More women report experimenting with bisexuality, CDC survery finds

Increase in bisexuality reported among women

September 16, 2005|By LOS ANGELES TIMES

LOS ANGELES - More than half of American teens age 15 to 19 have engaged in oral sex, increasing to nearly 70 percent for those who are 18 and 19, according to the largest federal study of the nation's sexual practices.

The study also found that 11 percent of women age 18 to 44 reported having at least one homosexual experience in their lifetime, up from 4 percent in the last study conducted in 1992.

Taken together, the two findings suggest a possible shift in sexual practices, in which females are using oral and gay sex "as a safer alternative than [vaginal] sex with men," said epidemiologist William D. Mosher of the National Center for Health Statistics, the study's lead author.

"If it is seen as a safer alternative, it is an interesting response to the campaigns to reduce teen pregnancy and to reduce sexually transmitted diseases and HIV," he said.

The study, however, found that only 9 percent of the teens reported using condoms during oral sex. Studies have shown that gonorrhea, syphilis, herpes and the human papillomavirus can all be transmitted in this manner.

"They have not been given a strong enough message about the health risks of oral sex," said Dr.

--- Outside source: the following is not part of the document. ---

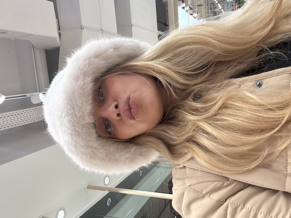 A blonde woman with fair skin is positioned in the center, wearing a white fur-trimmed hood and a tan quilted jacket. She is looking directly at the camera with blue eyes and slightly pursed lips. Her long blonde hair cascades around her face and over her shoulder. The background includes parts of a building with visible lights and structures. The image is rotated slightly.
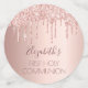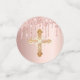 Un arrière - plan d'or rose décoré de parties scintillant d'or faux rose. Personnalisez et ajoutez une date et un nom/événement. Lettres de couleur or rose foncé. Quelques jetons de confetti avec nom et date, d'autres avec une croix. Ajoutez votre propre photo sur deux des puces.

Claire Brindis of the University of California, San Francisco.

James Wagoner, president of Advocates for Youth, a reproductive health organization in Washington, said the study showed that society is undergoing a social transition sexually, with women and girls becoming more sexually confident.

"It calls into question the stereotype of boys as hunters and girls as prey. Something going on here is creating more balance between the sexes than we have seen before."

But Brindis cautioned that some of the apparent increases may represent an increased comfort level in discussing intimate behaviors rather than an actual increase in activity.

Some people may just now "be disclosing information that had probably occurred for decades," she said.

The study, conducted between March 2002 and March 2003, involved in-home interviews of 12,571 people by trained female interviewers.